■ EXERCISE DATA ■
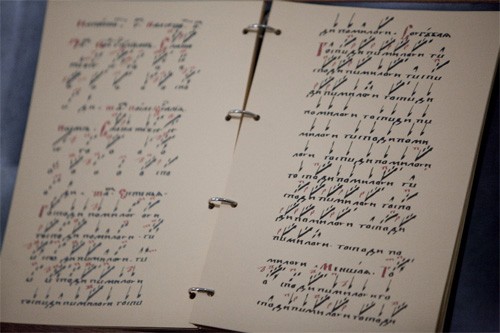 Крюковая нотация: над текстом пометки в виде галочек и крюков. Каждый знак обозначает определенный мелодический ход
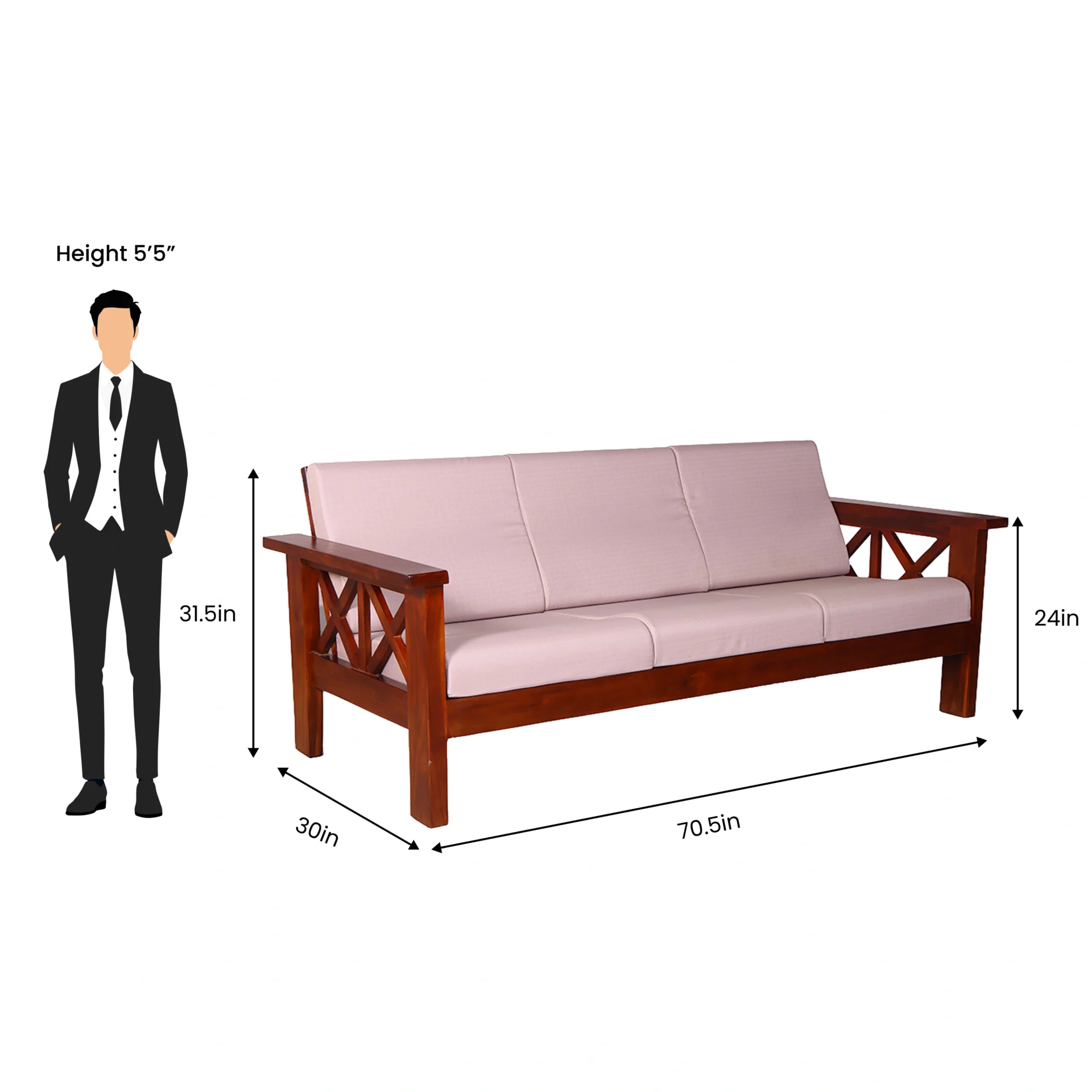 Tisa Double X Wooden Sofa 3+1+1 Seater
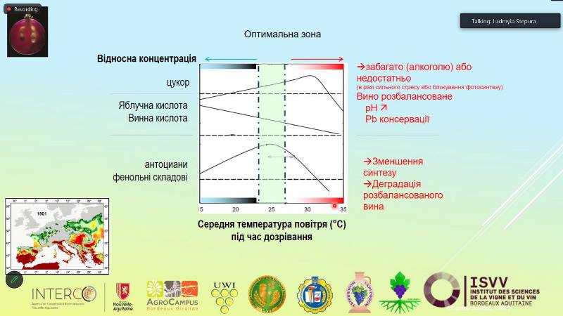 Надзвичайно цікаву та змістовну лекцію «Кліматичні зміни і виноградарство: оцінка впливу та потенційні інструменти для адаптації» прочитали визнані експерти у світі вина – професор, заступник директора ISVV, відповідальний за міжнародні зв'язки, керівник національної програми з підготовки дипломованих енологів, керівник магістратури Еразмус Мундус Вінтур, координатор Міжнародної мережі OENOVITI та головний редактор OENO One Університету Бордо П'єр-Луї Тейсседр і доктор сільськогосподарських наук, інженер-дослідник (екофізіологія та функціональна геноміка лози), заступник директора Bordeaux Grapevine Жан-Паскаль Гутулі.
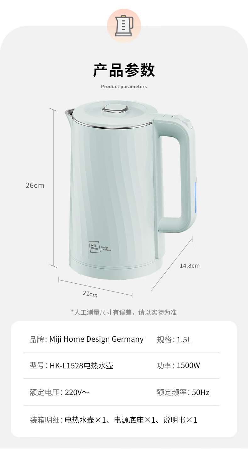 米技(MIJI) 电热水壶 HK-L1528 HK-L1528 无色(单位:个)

==

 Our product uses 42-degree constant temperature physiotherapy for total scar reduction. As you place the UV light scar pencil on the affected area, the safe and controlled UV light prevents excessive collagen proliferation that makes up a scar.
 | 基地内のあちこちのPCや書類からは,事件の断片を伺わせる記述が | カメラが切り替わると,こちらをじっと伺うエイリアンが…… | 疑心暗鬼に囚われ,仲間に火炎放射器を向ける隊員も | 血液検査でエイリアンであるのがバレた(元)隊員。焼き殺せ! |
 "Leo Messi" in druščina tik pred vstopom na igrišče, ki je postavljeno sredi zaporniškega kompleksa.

■ WHAT YOU NEED TO DO ■
From the material above, set down exactly the lines starting at the one with "疑心暗鬼に囚われ,仲間に火炎放射器を向ける隊員も | 血液検査でエイリアンであるのがバレた(元)隊員。焼き殺せ! |" and ending at the one with "sredi zaporniškega kompleksa.", end lines included.

■ ANSWER BOX ■
 | 基地内のあちこちのPCや書類からは,事件の断片を伺わせる記述が | カメラが切り替わると,こちらをじっと伺うエイリアンが…… | 疑心暗鬼に囚われ,仲間に火炎放射器を向ける隊員も | 血液検査でエイリアンであるのがバレた(元)隊員。焼き殺せ! |
 "Leo Messi" in druščina tik pred vstopom na igrišče, ki je postavljeno sredi zaporniškega kompleksa.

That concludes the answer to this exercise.